Auction in which every bidder pays

In economics and game theory, an all-pay auction is an auction in which every bidder must pay regardless of whether they win the prize, which is awarded to the highest bidder as in a conventional auction. As shown by Riley and Samuelson (1981), equilibrium bidding in an all pay auction with private information is revenue equivalent to bidding in a sealed high bid or open ascending price auction.

In the simplest version, there is complete information. The Nash equilibrium is such that each bidder plays a mixed strategy and expected pay-offs are zero. The seller's expected revenue is equal to the value of the prize. However, some economic experiments and studies have shown that over-bidding is common. That is, the seller's revenue frequently exceeds that of the value of the prize, in hopes of securing the winning bid. In repeated games even bidders that win the prize frequently will most likely take a loss in the long run.
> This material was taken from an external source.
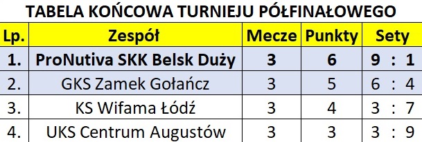 Belska hala sportowa była w dniach 12-14 kwietnia gospodarzem turnieju półfinałowego. W rywalizacji oprócz ProNutivy SKK Belsk Duży wystąpiły zespoły: KS Wifama Łódź (woj. łódzkie), GKS Zamek Gołańcz (woj. wielkopolskie) oraz UKS Centrum Augustów (woj. podlaskie).

The all-pay auction with complete information does not have a Nash equilibrium in pure strategies, but does have a Nash equilibrium in mixed-strategies.

==Forms of all-pay auctions==

The most straightforward form of an all-pay auction is a Tullock auction, sometimes called a Tullock lottery after Gordon Tullock, in which everyone submits a bid but both the losers and the winners pay their submitted bids. This is instrumental in describing certain ideas in public choice economics.

The dollar auction is a two player Tullock auction, or a multiplayer game in which only the two highest bidders pay their bids. Another practical examples are the bidding fee auction and the penny raffle (pejoratively known as a "Chinese auction").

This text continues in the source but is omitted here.